A DREAM DEFERRED
Langston Hughes’ Harlem poses the question of what happens to a dream deferred, but it never offered us an answer. The “if” in life is more tangible than some of us would like to believe, and is the main suspect in the case of the deferred dream. What if we would have finished that degree? Would employers consider us as being more viable candidates for the countless jobs we’ve been applying for? What if we would have taken the opportunity to slide into Terrence’s DMs to shoot our shot before he met James? Could it have lead to the development of something special between us?
Of course it’s too late to wonder now as we’re sitting at Terrence and James’ wedding reception filling ourselves with salty Hors d'oeuvres, pricey champagne and regret. We can never be too sure of how things will turn out if we follow our dreams. But a lot of us can damn sure attest to the things that happen when we don’t. Its that business we always wanted to start, but didn’t, the opportunity we passively let slip through our fingers, and the granted we continually take tomorrow for.
There are reasons some of us fall into this trap, and most of them are pretty understandable because they’re rooted in fear. Fear of the struggle, the work, and of failure are three of the most common reasons we don’t go after the things we want and the older we get, the more our proverbial slips start to show. We cautiously move about the safest paths of our lives hiding our apprehensions under a guise of practicality.

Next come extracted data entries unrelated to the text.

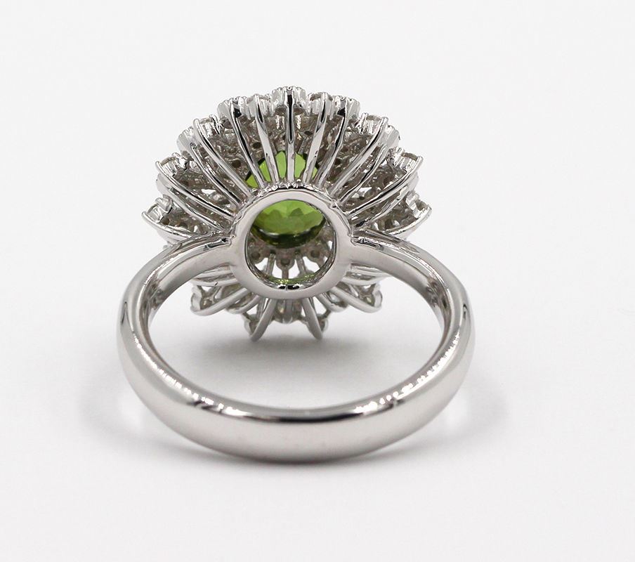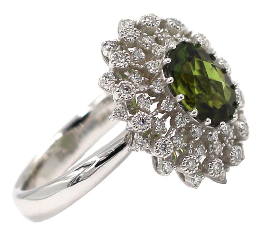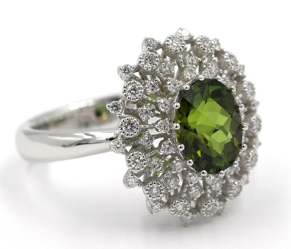 One Natural Oval Cut Green Tourmaline Anniversary Diamond Ring in 14k White Gold. Ring is size 6.5 but resizable. Total carat weight of ring is 2.71 Ct. Setting style is 4 prong with accent equating a total gross weight of 6.68 grams. Total stones is 57 and condition is brand new. Main stone is natural and non-enhanced, 2.20 Ct, oval shape, fine-bright clarity, and color is green tourmaline. Size approximation of main stone is 9.00 x 7.00 MM. Main stone cut is excellent. Side stone is natural and non-enhanced, total 0.51 carats, shape is brilliant round cut, clarity is SI1, color is G-H, cut is excellent, and has 56 stones. Included with independent certification with a retail value of $3,000.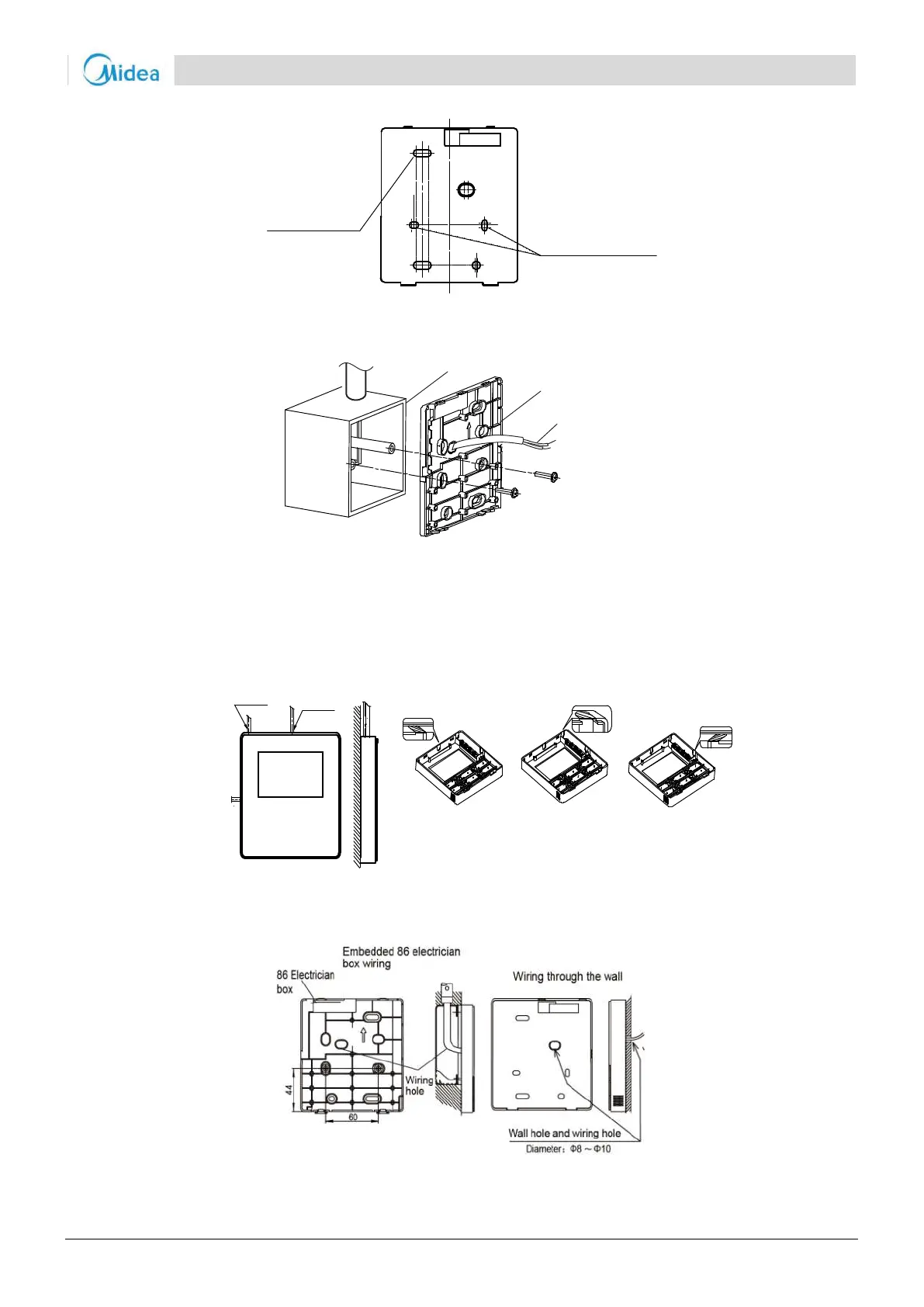 When the wired controller is stalled with electrician box, the back cover of wired controller is already reserved one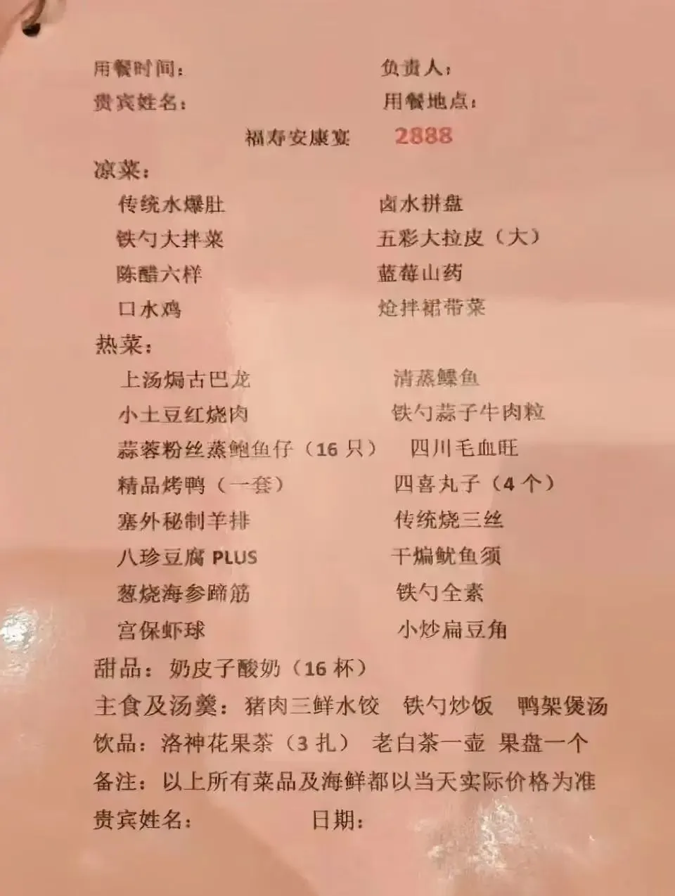 山西某县城过年期间的菜谱,肉菜平均168,过年期间指定菜谱,点一道菜就像看直播,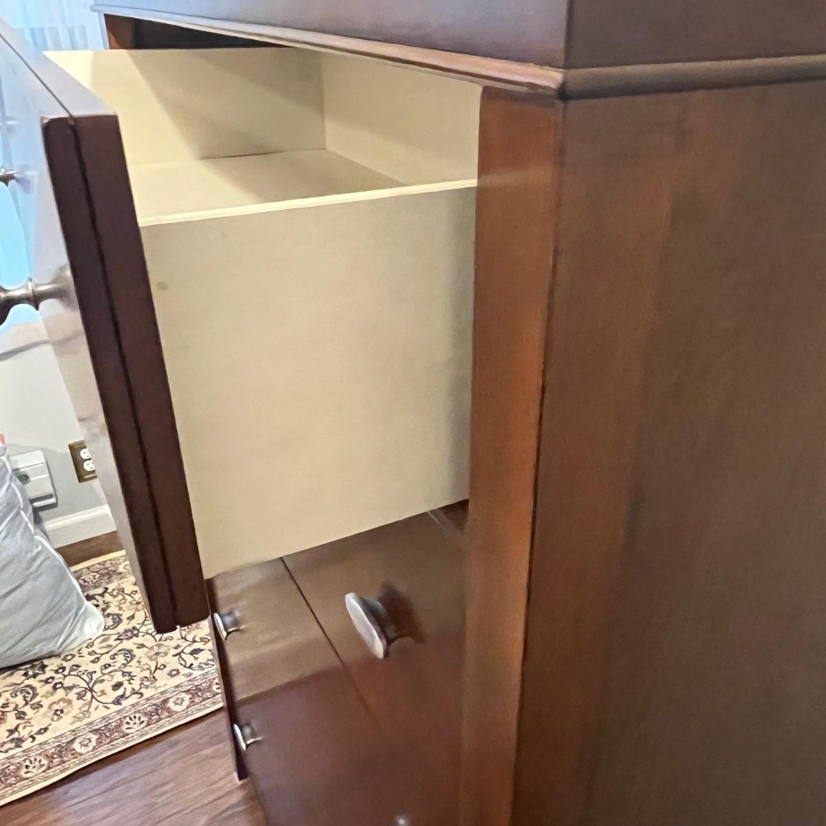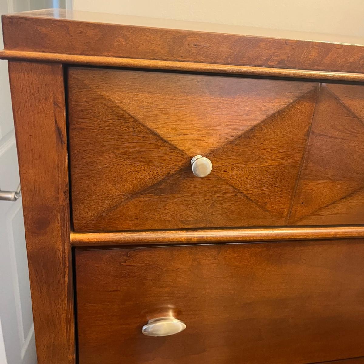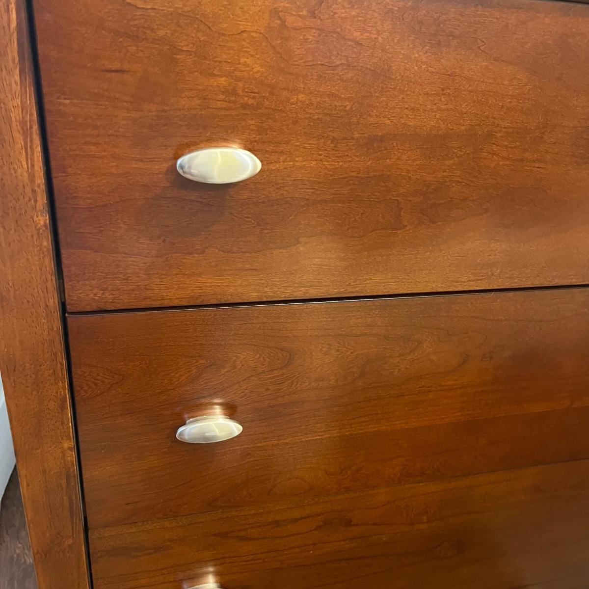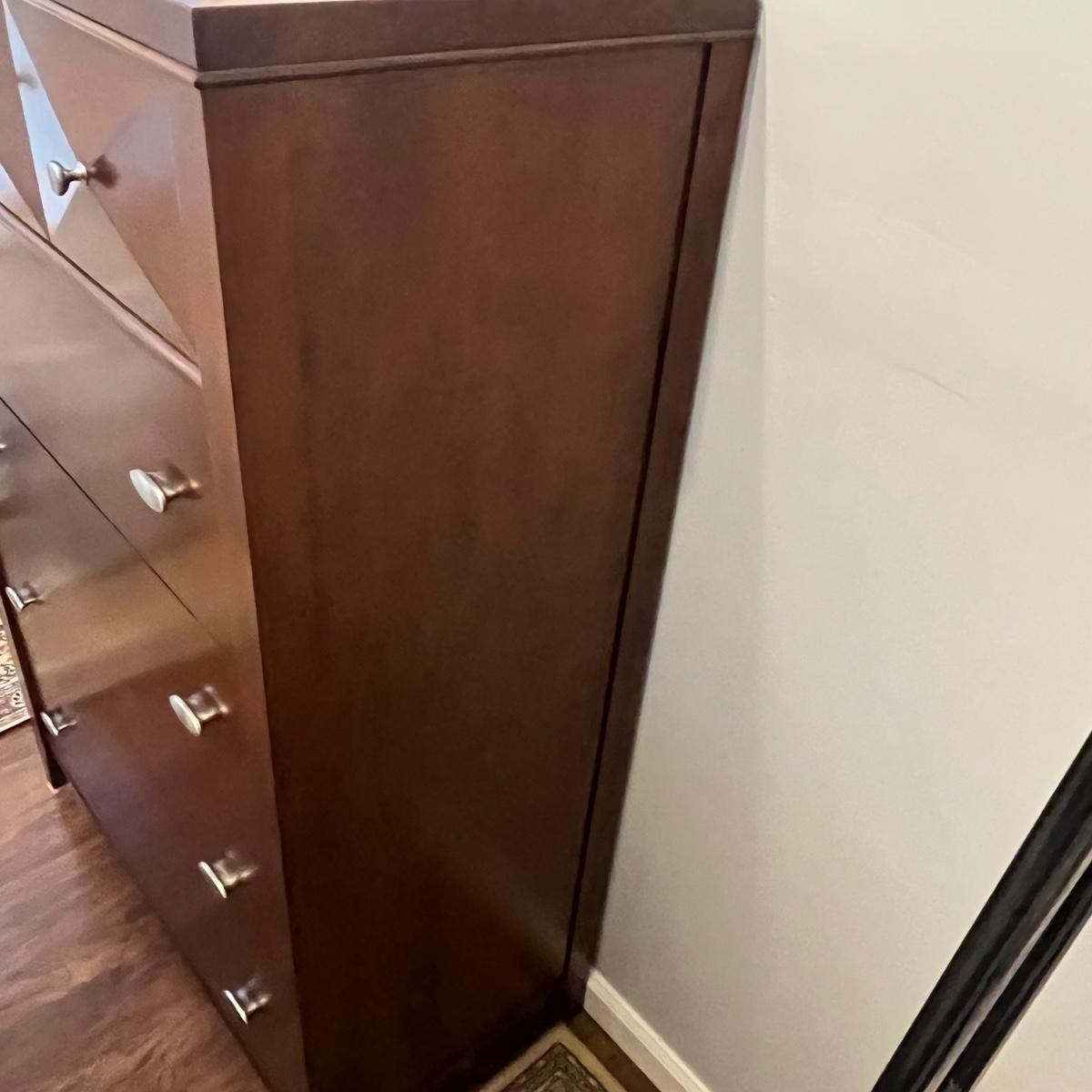 Lot includes a wooden five drawer chest of drawers with a piece of glass cut to fit on top of chest. Chest measures 17.75” x 36” x 57”H.

This is why we never completed that business plan we started back in 2011, because the more we crunched the numbers, the more impractical our fledgling endeavor seemed. We do our best to hide behind this rationale, but deep down, we know the truth. Living with this fear demotes us to the tethered versions of ourselves and keeps us hidden beneath the streets where somewhere up above, our original self is not living in fear, but in the dream that we deferred.